◆ What to work on ◆
Please repeat each line from the one holding "Welcome home to" through the final line of the data, exactly as it stands, with no pictures.

◆ Given material ◆
══════════
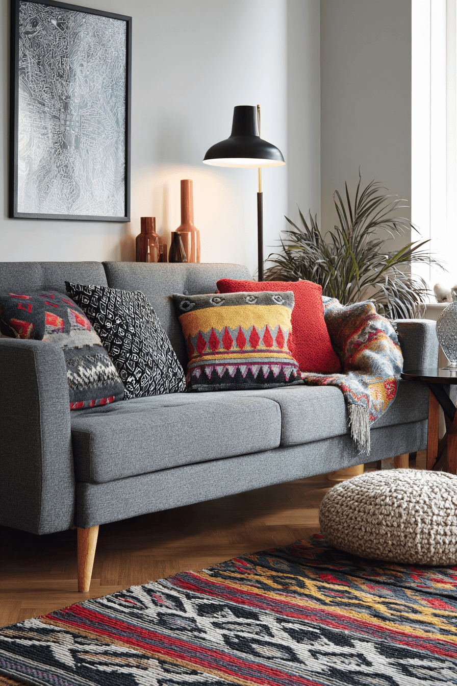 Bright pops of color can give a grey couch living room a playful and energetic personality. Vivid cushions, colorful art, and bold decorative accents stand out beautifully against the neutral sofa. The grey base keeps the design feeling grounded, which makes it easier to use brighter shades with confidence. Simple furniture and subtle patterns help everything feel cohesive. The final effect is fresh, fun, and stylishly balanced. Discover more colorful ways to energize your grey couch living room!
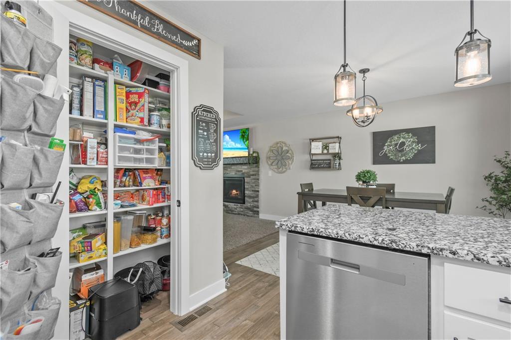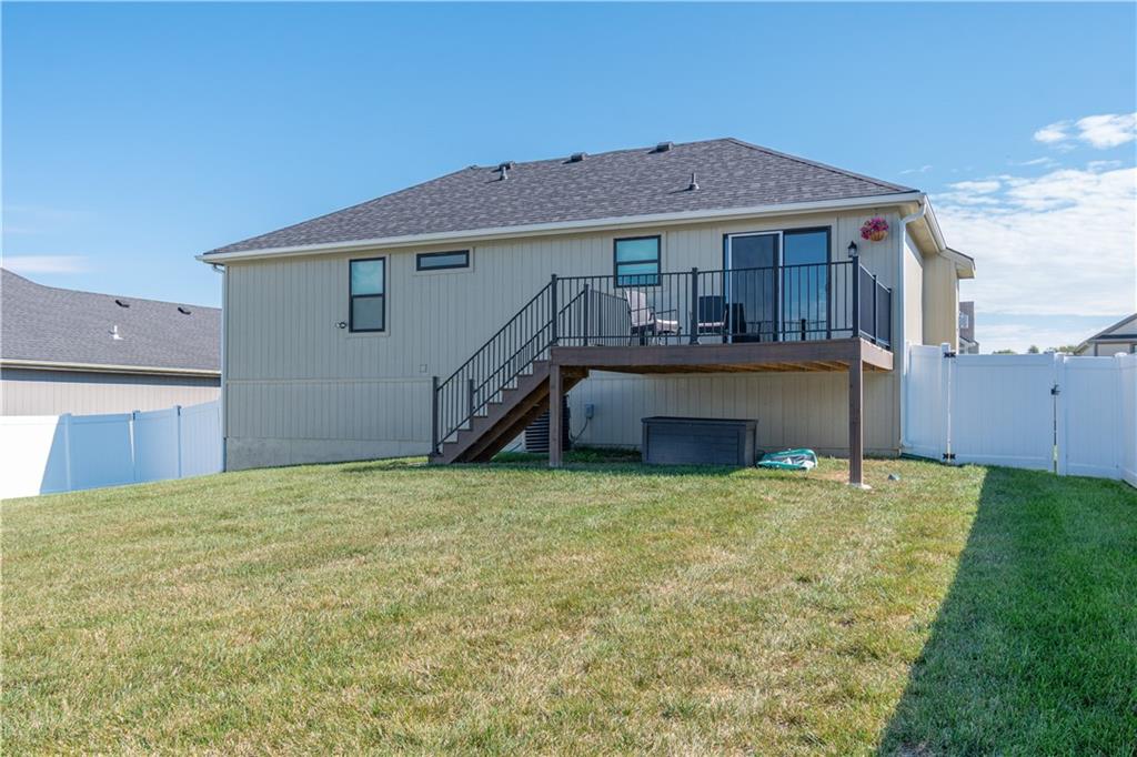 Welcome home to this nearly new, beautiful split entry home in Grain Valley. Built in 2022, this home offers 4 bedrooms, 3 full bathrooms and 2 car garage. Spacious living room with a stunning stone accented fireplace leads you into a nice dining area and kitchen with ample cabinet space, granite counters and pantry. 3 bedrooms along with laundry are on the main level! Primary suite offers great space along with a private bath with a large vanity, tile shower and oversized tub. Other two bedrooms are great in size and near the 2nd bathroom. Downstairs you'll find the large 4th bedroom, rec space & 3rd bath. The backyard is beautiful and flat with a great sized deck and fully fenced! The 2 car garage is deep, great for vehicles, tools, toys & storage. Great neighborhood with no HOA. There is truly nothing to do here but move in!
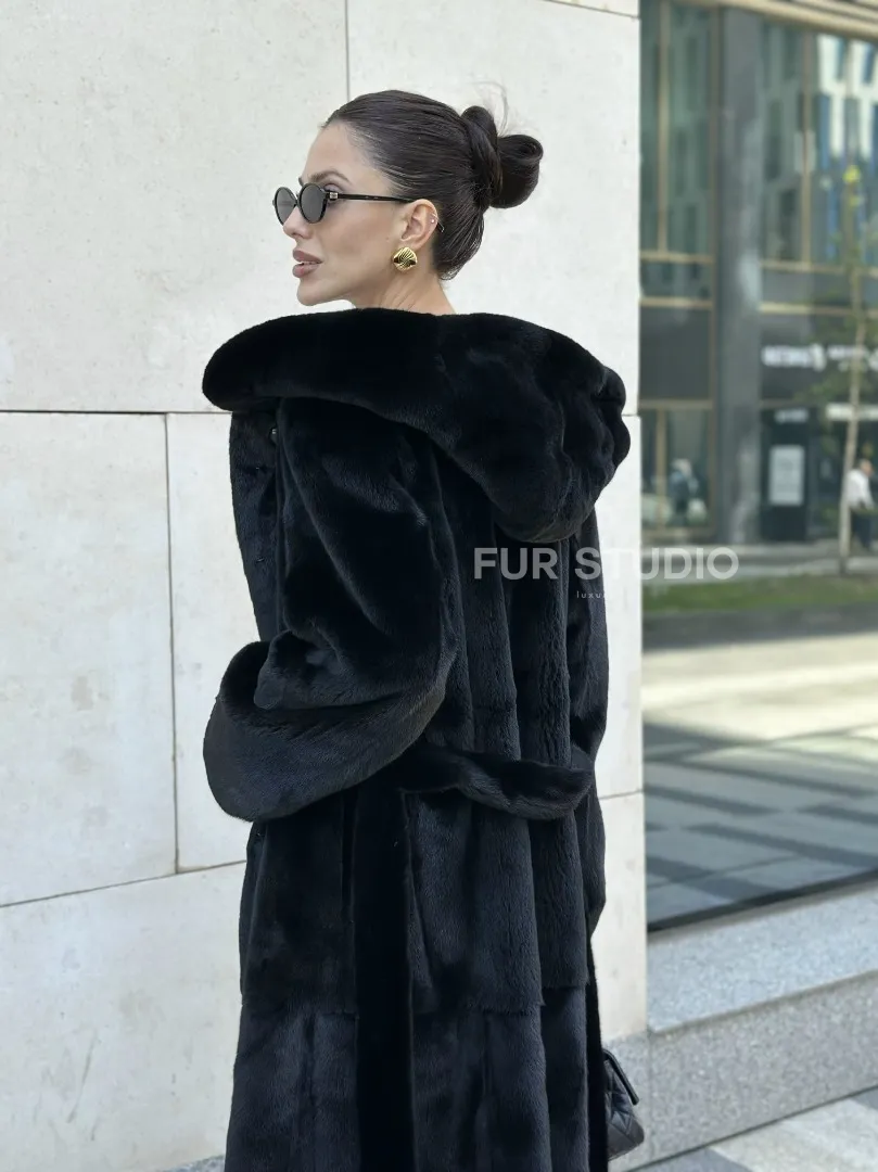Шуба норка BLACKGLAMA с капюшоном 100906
══════════
◆ Output below ◆
 Welcome home to this nearly new, beautiful split entry home in Grain Valley. Built in 2022, this home offers 4 bedrooms, 3 full bathrooms and 2 car garage. Spacious living room with a stunning stone accented fireplace leads you into a nice dining area and kitchen with ample cabinet space, granite counters and pantry. 3 bedrooms along with laundry are on the main level! Primary suite offers great space along with a private bath with a large vanity, tile shower and oversized tub. Other two bedrooms are great in size and near the 2nd bathroom. Downstairs you'll find the large 4th bedroom, rec space & 3rd bath. The backyard is beautiful and flat with a great sized deck and fully fenced! The 2 car garage is deep, great for vehicles, tools, toys & storage. Great neighborhood with no HOA. There is truly nothing to do here but move in!
Шуба норка BLACKGLAMA с капюшоном 100906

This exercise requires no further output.